Although HDFS is excellent at storing large amounts of data, and although MapReduce jobs and tools such as Hive and Pig are well suited for reading and aggregating large amounts of data, they are not very efficient when it comes to individual record lookups or updating the data. This is where HBase comes into play.

HBase is classified as a NoSQL database. Unlike traditional relational databases like SQL Server or Oracle, NoSQL databases do not attempt to provide ACID (atomicity, consistency, isolation, durability) transactional reliability. Instead, they are tuned to handle large amounts of unstructured data, providing fast key-based lookups and updates.

As mentioned previously, HBase is a key/value columnar storage system. The key is what provides fast access to the value for retrieval and updating. An HBase table consists of a set of pointers to the cell values. These pointers are made up of a row key, a column key, and a version key. Using this type of key structure, the values that make up tables and rows are stored in regions across regional servers. As the data grows, the regions are automatically split and redistributed. Because HBase uses HDFS as the storage layer, it relies on it to supply services such as automatic replication and failover.

Because HBase relies so heavily on keys for its performance, it is a very important consideration when defining tables. In the next section, you will look at creating HBase tables and defining appropriate keys for the table.

Creating HBase Tables

Because the keys are so important when retrieving or updating data quickly, it is the most important consideration when setting up an HBase table. The creation of the keys depends a great deal on how the data gets accessed. If data is accessed as a single-cell lookup, a randomized key structure works best. If you retrieve data based on buckets (for example, logs from a certain server), you should include this in the key. If you further look up values based on log event type or date ranges, these should also be part of the key. The order of the key attributes is important. If lookups are based primarily on server and then on event type, the key should be made up of Server–Event–Timestamp.

Another factor to consider when creating tables in HBase is normalization versus denormalization. Because HBase does not support table joins, it is important to know how the data will be used by the clients accessing the data. Like most reporting-centric databases, it is a good idea to denormalize your tables somewhat depending on how the data is retrieved. For example, if sales orders are analyzed by customer location, this data should be denormalized into the same table. Sometimes it makes more sense to use table joins. If you need to perform table joins, it can be implemented in a MapReduce job or in the client application after retrieving the data.

To interact with HBase, you can use the HBase shell. The HBase command-line tool is located in the bin directory of your HBase installation directory if you are using HDP for Windows. (Note: The shell is not currently available in HDInsight.) To launch the HBase shell using the Windows command prompt, navigate to the bin directory and issue the following command:

hbase shell

After the HBase shell is launched, you can view the help by issuing the help command. After issuing the help command, you will see a list of the various command groups (see Figure 7.1).

image

Figure 7.1 Listing the various command groups in the HBase shell.

There are command groups for data definition statements (DDL), data manipulation statements (DML), replication, tools, and security.
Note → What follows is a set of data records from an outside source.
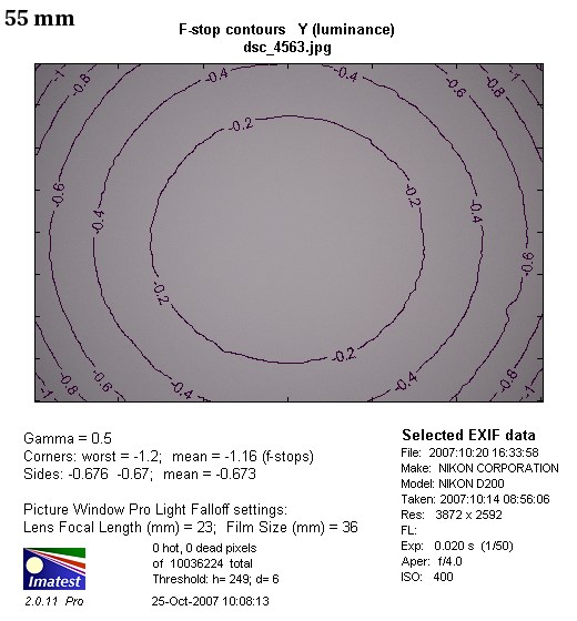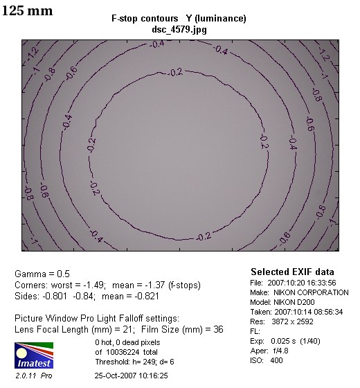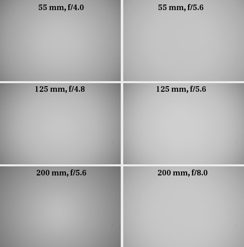 At 200 mm the results are not good either. At the maximum relative aperture the vignetting amounts to 37% (-1.35 EV) and by stopping down to f/8.0 it decreases to 20%. Only usage of f/11 makes the problem disappear completely (3%).
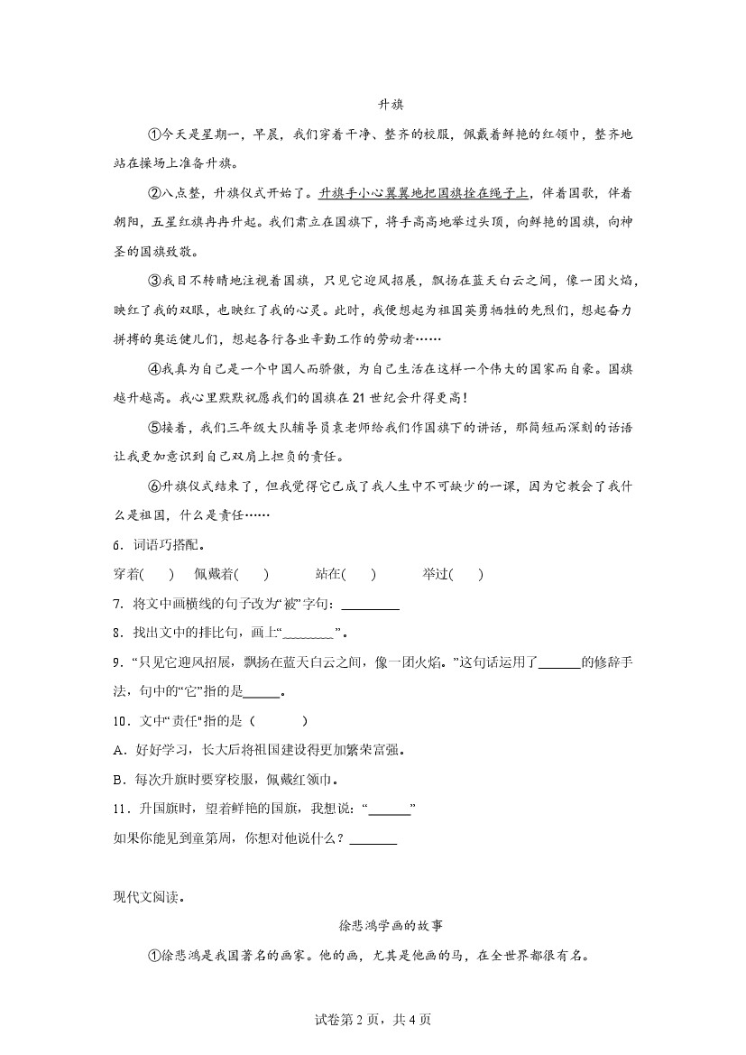 小学 25年秋【三上语文】第24课 一定要争气(第二课时)课后作业(提升)
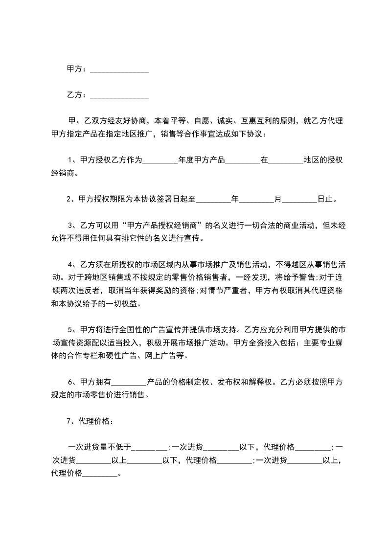_____________________是____________________________中国地区________________经销总代理商,现因市场发展需要,经甲乙双方协商一致,甲方同意授权乙方作为甲方____________地区(省级、地级、县级)该产品的唯一代理商,销售地域为____________范围内。并约定以下条款互相遵守:
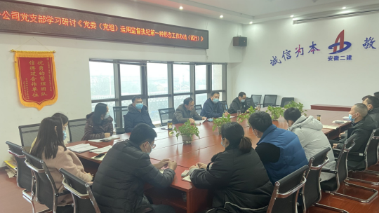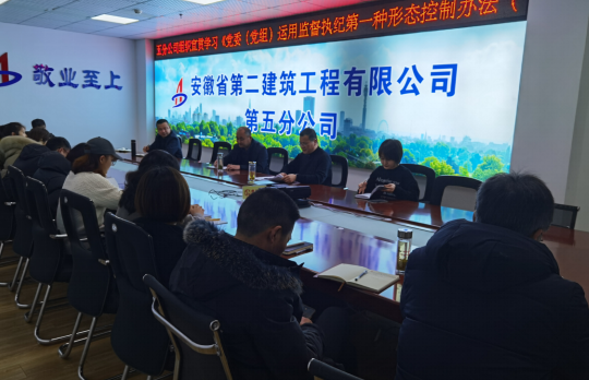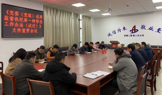 近期,為認(rèn)真落實全面從嚴(yán)治黨主體責(zé)任和監(jiān)督責(zé)任,踐行“四種形態(tài)”,強(qiáng)化“第一種形態(tài)”運(yùn)用。安徽二建公司所屬各單位組織學(xué)習(xí)了《黨委(黨組)運(yùn)用監(jiān)督執(zhí)紀(jì)第一種形態(tài)工作辦法(試行)》。

To list help for a command group, issue the help command followed by the group name in quotation marks. For example, Figure 7.2 shows the help for the DDL command group (only the Alter command is showing).

image

Figure 7.2 Listing help for the DDL command group.

To create a basic table named Stocks with a column family named Price and one named Trade, enter the following code at the command prompt:

create 'Stocks', 'Price','Trade'

To verify that the table has been created, you can use the describe command:

describe 'Stocks'

Figure 7.3 shows the output describing the table attributes.

image

Figure 7.3 Describing the table attributes.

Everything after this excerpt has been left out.